Data excerpt:
<<<<
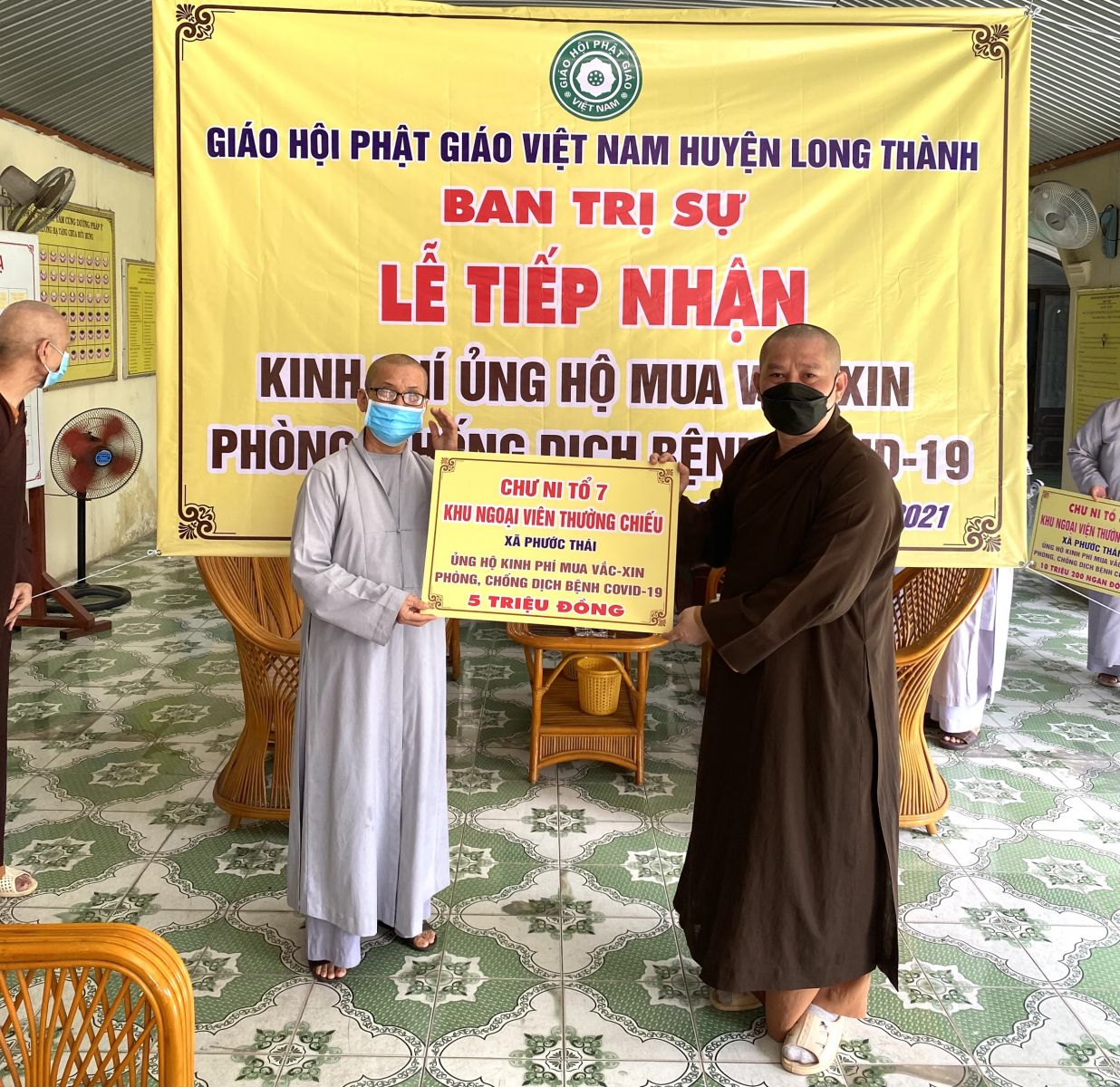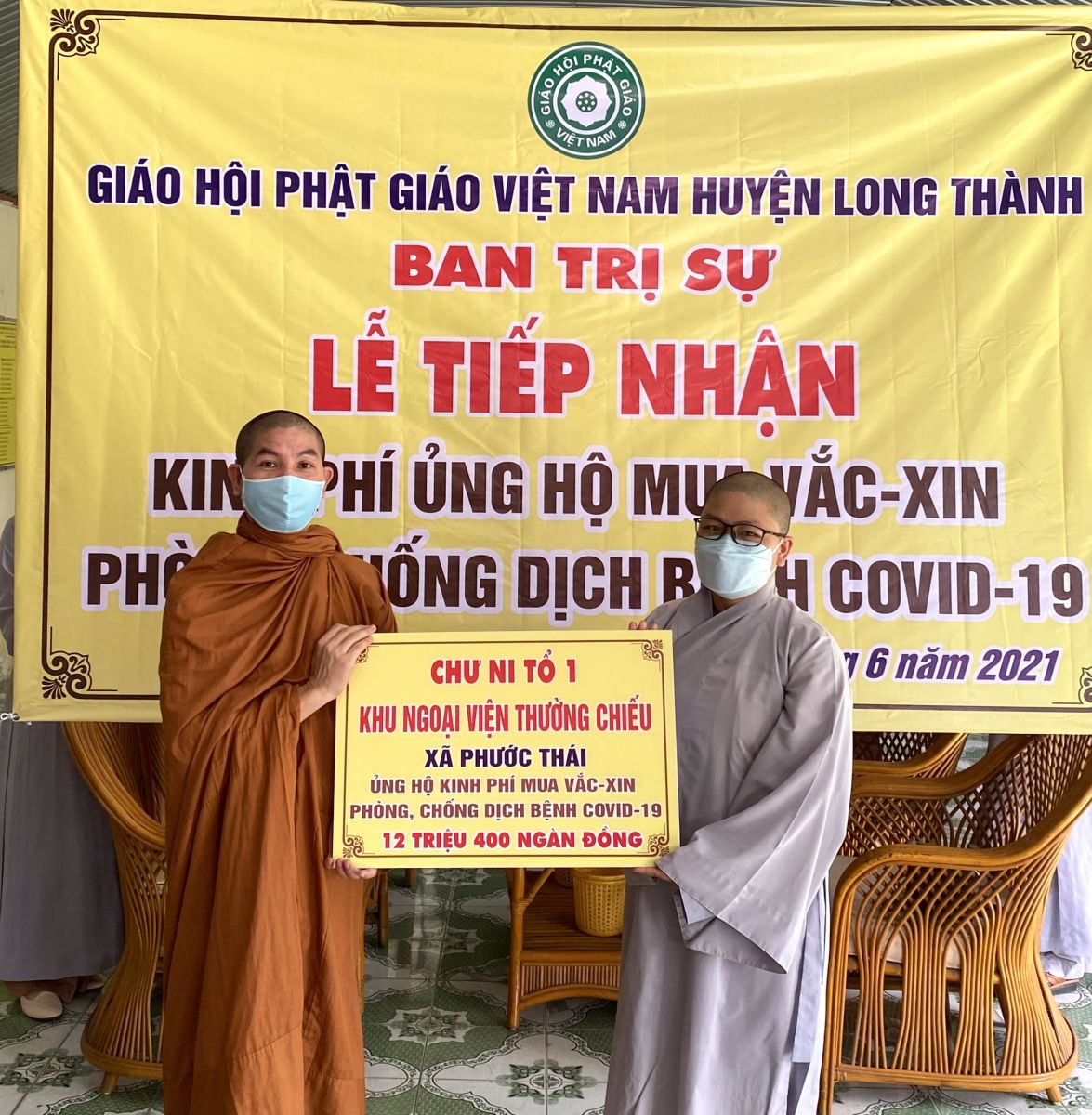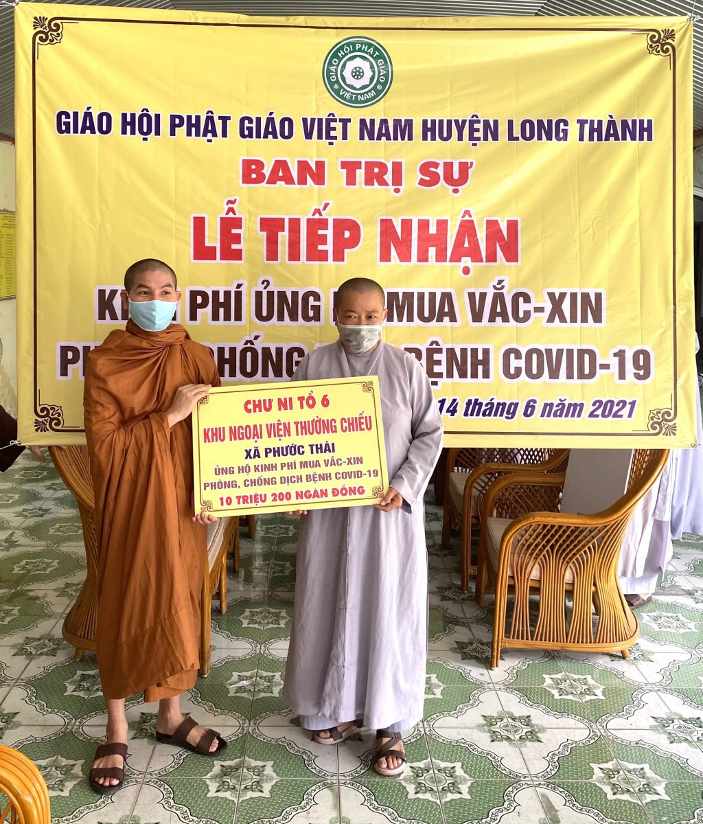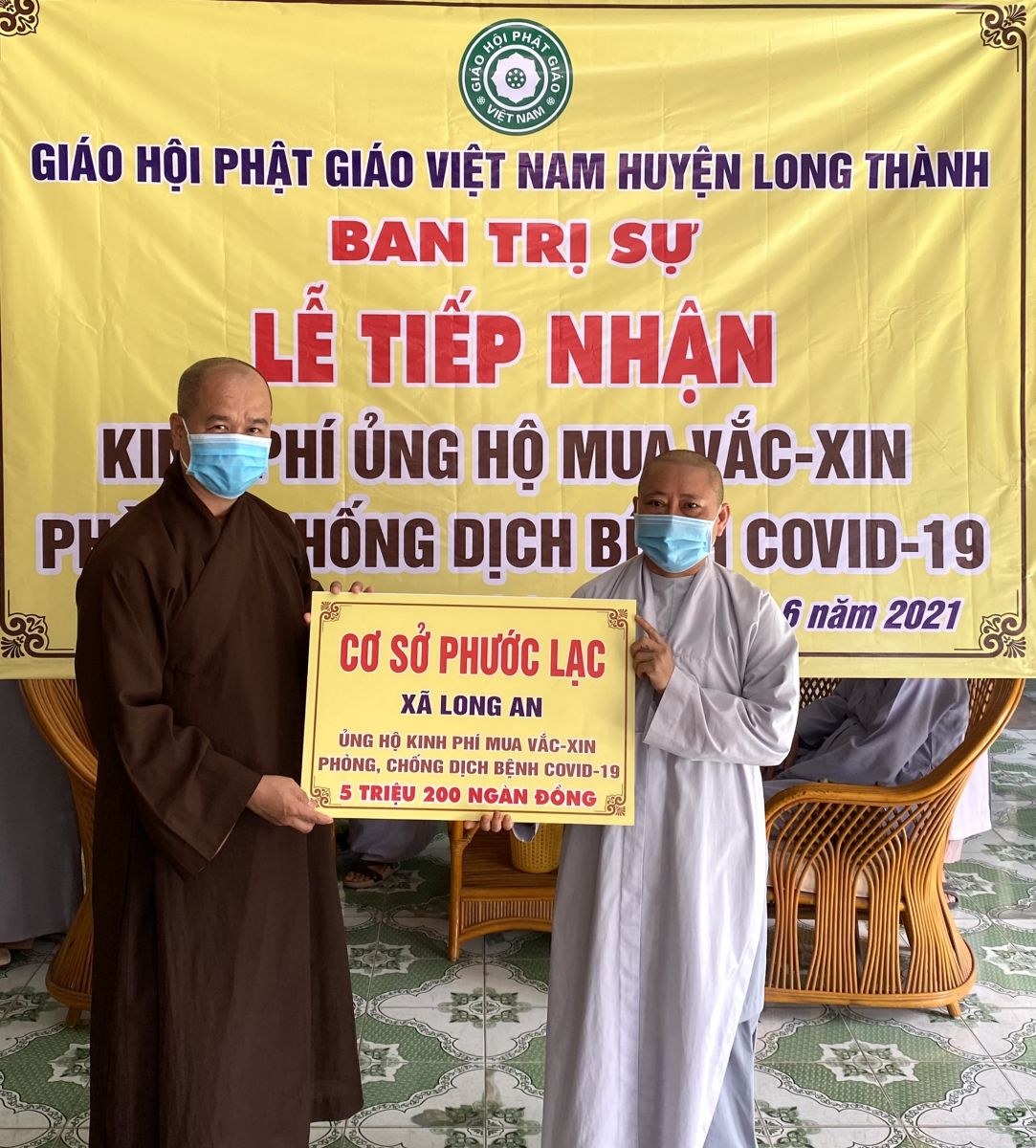 Tại buổi lễ, số tiền đóng góp nhận được các đơn vị, cơ sở Phật giáo trong huyện 350.000.000 đồng. Trước đó, viện chuyên tu xã Lộc An (Long Thành) đã ủng hộ 150.000.000 đồng; chùa Long Phước Thọ (xã Long Phước) ủng hộ 50.000.000 đồng (đã chuyển cho Ủy ban Mặt trận Tổ quốc Việt Nam tỉnh Đồng Nai); Thiền tự Phước Quang (xã Phước Thái) ủng hộ 30.000.000 đồng; Tu viện Hạnh Chiếu ủng hộ 30.000.000 đồng cho Ủy ban Mặt trận Tổ quốc Việt Nam huyện Long Thành.
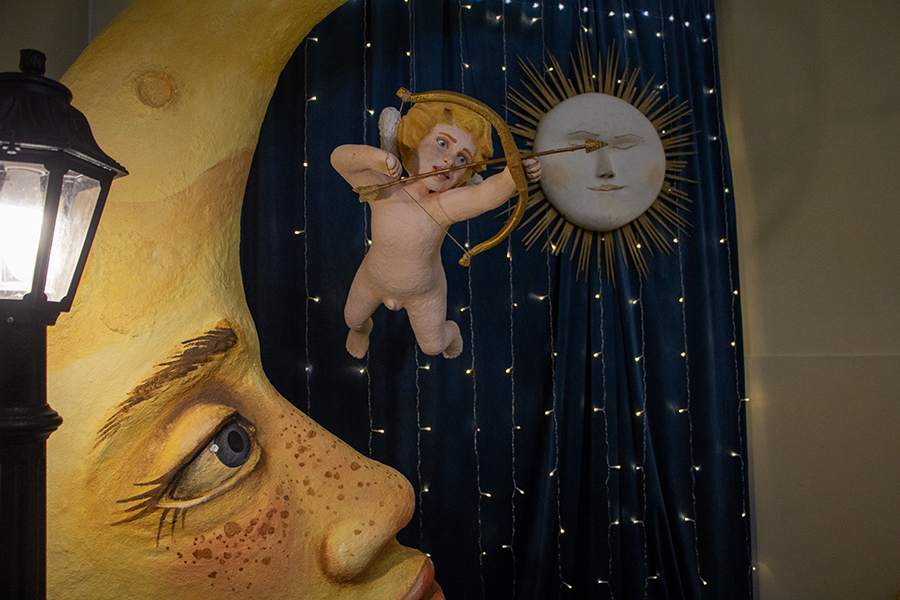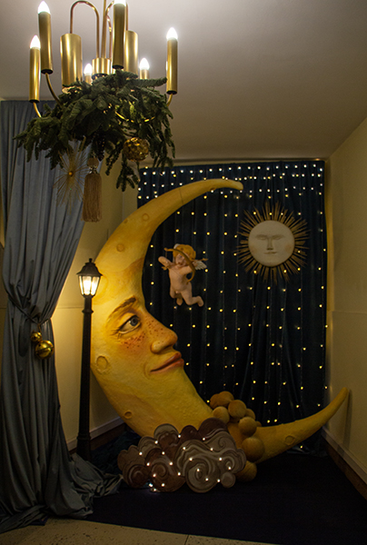 На входе в музей посетителей встречают полумесяц, символ цикличности времени, ухода всего старого и прихода нового, и путти — ангелочек, посланник Нового года. Всё это на фоне звёздного неба и спящего солнца.
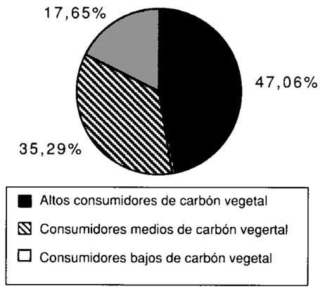 La Figura 3.6 es un gráfico circular que indica el uso de carbón vegetal en hogares que han adquirido el nuevo fogón en comparación con otros que no lo han comprado. Los datos revelan que la mayor parte de quienes tienen el nuevo fogón utilizan el carbón vegetal como combustible principal. Quienes no lo tienen utilizan sobre todo otros combustibles como gas, querosén y leña.
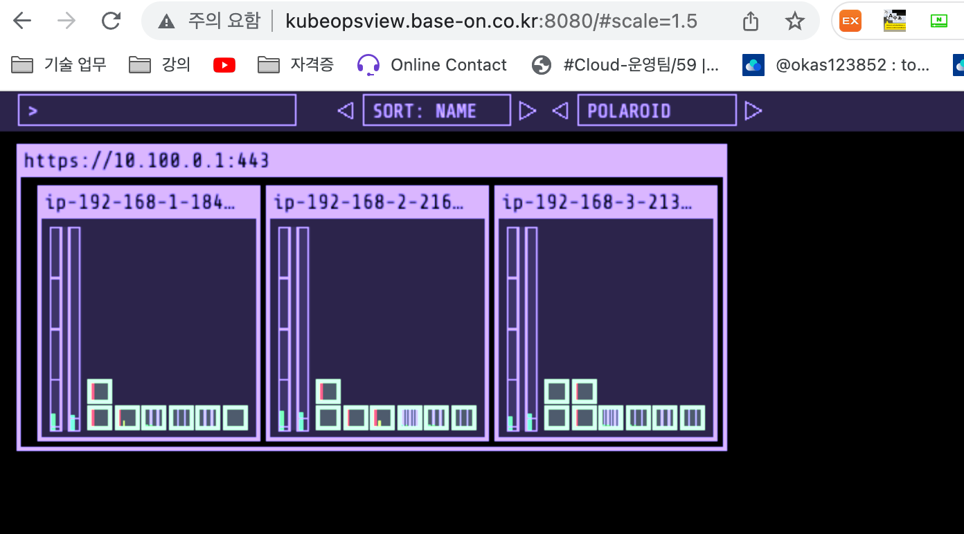 kube-ops-view는 데브옵스하신다면 켜놓고 파드가 어디에 생성되는지 시각적으로 확인하면 작업에 용이할 것 같습니다.
>>>>
Required action: Extract the lines exactly, please: the first line of the listing, the line with "На входе в музей", and every line between them, but no pictures.

Written answer:
 Tại buổi lễ, số tiền đóng góp nhận được các đơn vị, cơ sở Phật giáo trong huyện 350.000.000 đồng. Trước đó, viện chuyên tu xã Lộc An (Long Thành) đã ủng hộ 150.000.000 đồng; chùa Long Phước Thọ (xã Long Phước) ủng hộ 50.000.000 đồng (đã chuyển cho Ủy ban Mặt trận Tổ quốc Việt Nam tỉnh Đồng Nai); Thiền tự Phước Quang (xã Phước Thái) ủng hộ 30.000.000 đồng; Tu viện Hạnh Chiếu ủng hộ 30.000.000 đồng cho Ủy ban Mặt trận Tổ quốc Việt Nam huyện Long Thành.
 На входе в музей посетителей встречают полумесяц, символ цикличности времени, ухода всего старого и прихода нового, и путти — ангелочек, посланник Нового года. Всё это на фоне звёздного неба и спящего солнца.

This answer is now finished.